Why use the library? — Relationships
Libraries Build Relationships
People are connecting at their libraries, whether it’s with media, technology or one another.
Libraries are fertile grounds for learning and relationship building. Everyone from tots and teens to seniors and volunteers can use their local library as a springboard for enriching relationships. At the center of this continuing process are librarians, who help transfer a wealth of services and reference experience to their communities. Additionally, local library readings, career-building workshops and senior-oriented programs further strengthen the relationships between users and staff.
Despite the onslaught of technology and its advancements, people are seeking resources available at their local libraries more so than ever before.
In what ways are libraries forging valuable relationships with their communities?
Local library programs, such as Toddler Time and Preschool Story Time, expose even the youngest audiences to benefits of group learning. Children have the chance to build relationships with librarians and other kids during special events like Bedtime Story Time, where they sing songs, make crafts and have milk and cookies—all while wearing their jammies!
One of the most successful relationship-building programs is Teen Tech Week, an annual event held each March that promotes and showcases technology available to teens. More than 1,500 libraries across the country took part in ALA’s most recent program, where several relationship-building seminars centered around students, librarians and cross-generational users were presented. As information technology professionals, librarians provide guidance for the program, empowering teens to make informed decisions about their Internet usage.

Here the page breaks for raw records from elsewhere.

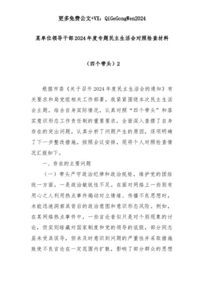 【七哥公文】2025年:某单位领导干部2024年度专题民主生活会对照检查材料(四个带头)2+更多免费公文+VX:QiGeGongWen2024+更多免费公文+VX:QiGeGongWen2024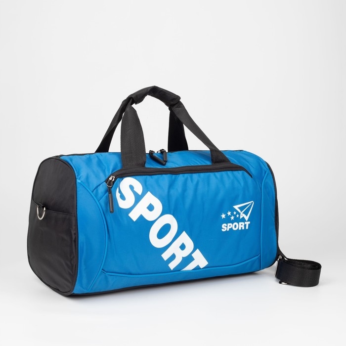 Сумка спортивная на молнии, наружный карман, длинный ремень, средний размер, цвет голубой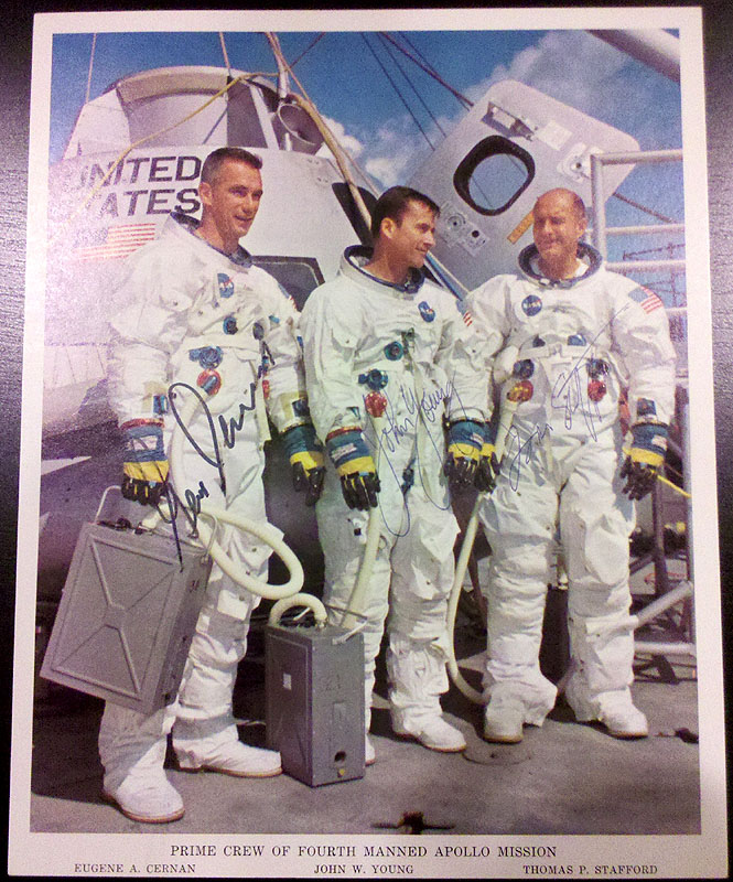 Original NASA Litho, hand signed by Apollo 10 Crew - Gene Cernan, John Young and Tom Stafford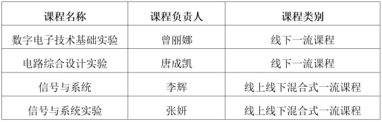 共有4门课程入选,其中《数字电子技术基础实验》《电路综合设计实验》2门课程被认定为线下一流课程,《信号与系统》《信号与系统实验》2门课程被认定为线上线下混合式一流课程。
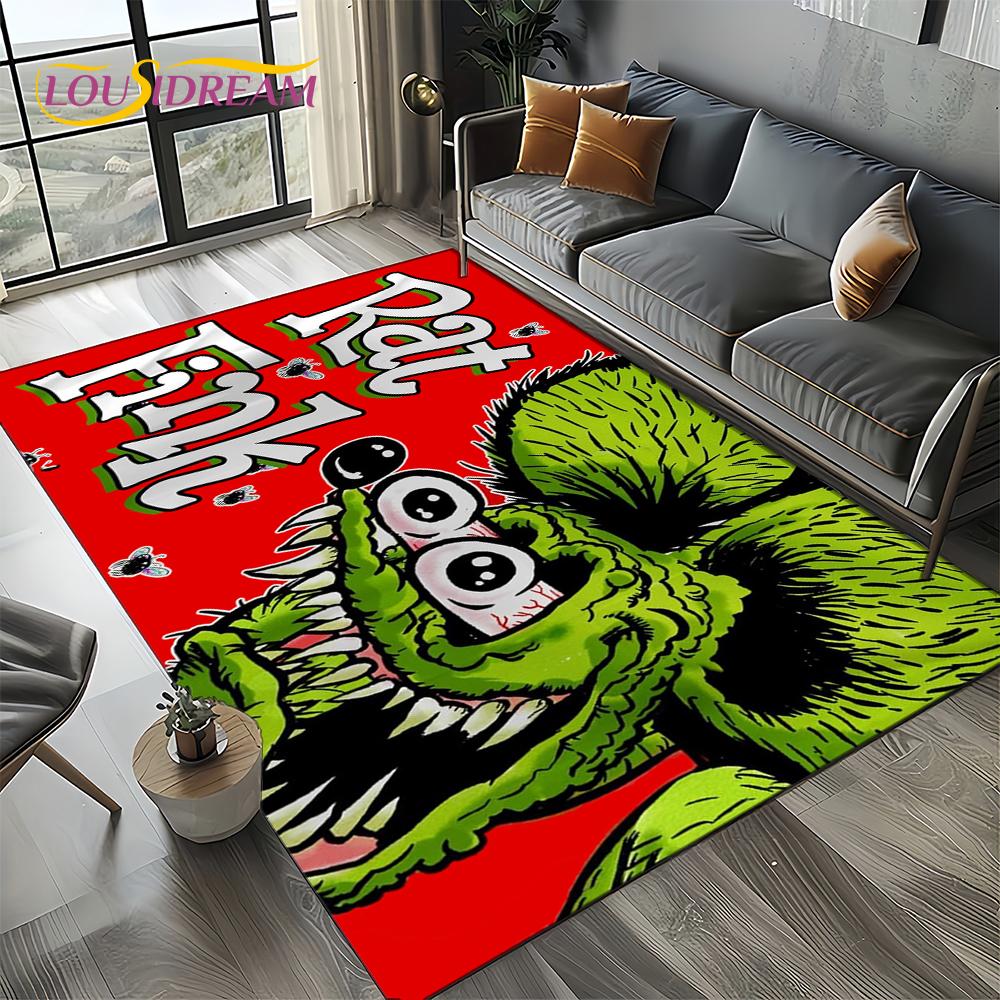 RF Funny Rat Fink Cartoon Motorcycle Sign Carpet Rug for Living Room Bedroom Home Sofa Decoration,Area Rug Non-slip Floor Mat

Some local library branches have created relationships within their facilities by launching Tech Buddies programs. The program matches teens with seniors who would like to become better versed in technology and also teaches Internet safety and privacy skills. In focusing on the more entertaining aspects of technology—including podcasts, short videos and video games—teens and seniors gather for Wii games and snacks for a 10-week period, building a cross-generational bond under the guidance of their local library.
Now more than ever, libraries have become a major resource for the unemployed, who can take advantage of the technology services available at libraries and obtain assistance filing for unemployment.
Libraries also offer courses and workshops to engage their communities in discussions, such as book clubs, cultural programs and events to celebrate special moments in history. These are just a few ways libraries work to foster relationship with their communities.